A regulatory asset, which is prohibited under the law except under ‘exceptional circumstances’, is created when state regulators defer costs incurred by them to be recovered through future hikes in electricity tariffs.
Put simply, SERCs periodically recognise that there are certain costs run up by distribution companies (discoms) that may not be made up for by the tariffs the discoms charge consumers.
However, since hiking electricity rates is a politically sensitive issue, the SERCs instead keep deferring these costs. These deferred costs are called regulatory assets.
According to a media report, regulatory assets of discoms have cumulatively risen to Rs 88,720 crore as of 30 June, 2022.
The Tariff Policy 2016 takes a dim view of the creation of such regulatory assets, saying that these should only be done “as a very rare exception in case of natural calamity or force majeure conditions”.
“Under business-as-usual conditions, no creation of Regulatory Assets shall be allowed,” says the Tariff Policy 2016. “Recovery of outstanding Regulatory Assets along with carrying cost of Regulatory Assets should be time bound and within a period not exceeding seven years.

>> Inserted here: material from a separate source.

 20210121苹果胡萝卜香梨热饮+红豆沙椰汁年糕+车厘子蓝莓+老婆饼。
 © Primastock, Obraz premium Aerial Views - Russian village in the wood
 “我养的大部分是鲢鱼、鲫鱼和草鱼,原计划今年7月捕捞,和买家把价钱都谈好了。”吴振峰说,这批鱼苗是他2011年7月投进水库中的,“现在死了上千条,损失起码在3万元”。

The State Commission may specify the trajectory for the same.”
In its letter dated 11 November, reviewed by ThePrint, the Ministry of Power has noted that “large Regulatory Assets have been created by some Commissions, without specifying the mandatory trajectory for recovery of such Regulatory Assets.”

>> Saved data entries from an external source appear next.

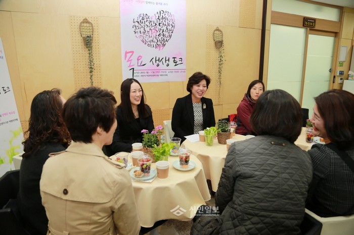 경기 과천시가 최근 직장맘과 시장이 함께하는 '목요 생생토크'를 진행했다. 사진은 이날 행사에 참여한 여성들이 신계용 시장(가운데)과 이야기를 나누고 있는 모습.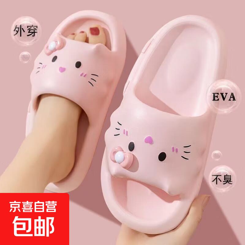 防滑卡通小猫咪小猫可爱室内EVA夏季女士拖鞋居家软底少女女夏 卡通凯蒂猫居家凉拖鞋-粉色 36-37码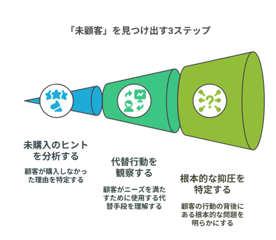 この3つのステップは、未顧客理解の第一歩です。この分析から見えてきた「抑圧」こそが、あなたの事業が次に乗り越えるべき“壁”であり、成長のチャンスです。
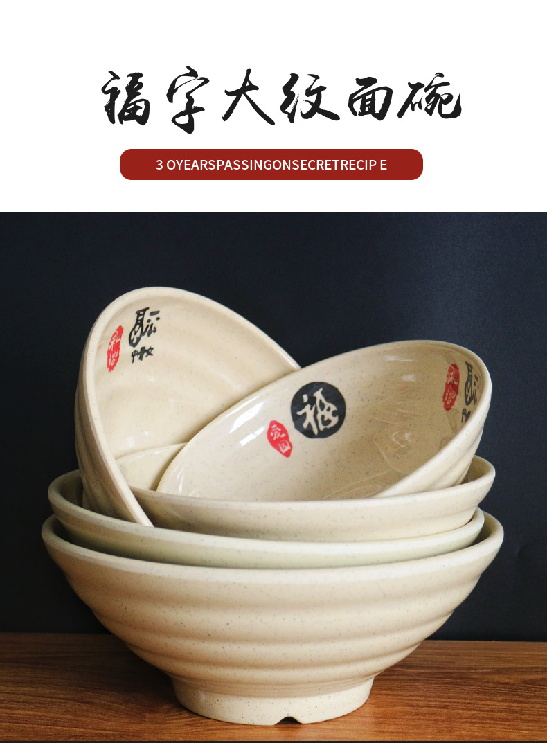 メラミンの麺の碗は転びに耐えて磁器の食器の大きい碗のスープの碗の業務用の麻辣热の碗のプラスチックの碗の麺館の専用の碗の卸売りに似合います。

“This is in contravention of the law,” the letter added. “The State Commissions are required to comply with the provisions of the Electricity Act, 2003 and the Tariff Policy and lay down a trajectory for recovery of Regulatory Assets along with carrying costs. The State Commissions should also ensure that no fresh Regulatory Assets are created.”
The creation of regulatory assets is a problem even the Niti Aayog has raised. In a report jointly brought out with the RMI (Rocky Mountain Institute) India in August 2021, the Niti Aayog had warned that the magnitude of regulator assets could create a “tariff shock” in the future.
“Mounting regulatory assets create cash-flow problems for discoms, forcing them to borrow funds to cover the revenue deficit,” the report said. “The additional borrowing, coupled with the interest, adds to the burden of discoms.”
Meanwhile, the Power Ministry said the State Commissions should ensure that the provisions of the Electricity Act and the Tariff Policy are implemented. Any “willful violations” of the law by States would come under the ambit of Section 90 (2) (0) of the Electricity Act, which deals with the removal of Members of the State Commissions, it said.
“For the financial viability of the Distribution licensees and the whole power sector, it is essential that the Regulatory Assets are liquidated at the earliest,” the letter concluded. “It is requested that the latest status of Regulatory Assets and the plan for liquidation of the same may be submitted to this Ministry within 30 days.”
The finances of the power sector are a matter of concern for the Centre, with even Prime Minister Narendra Modi urging the states in July to clear dues of Rs 2.5 lakh crore to discoms. The financial problems being faced by the power utilities were “not a matter of ‘Rajniti‘ (politics) but pertains to ‘Rashtra Niti‘ and nation building”, he asserted.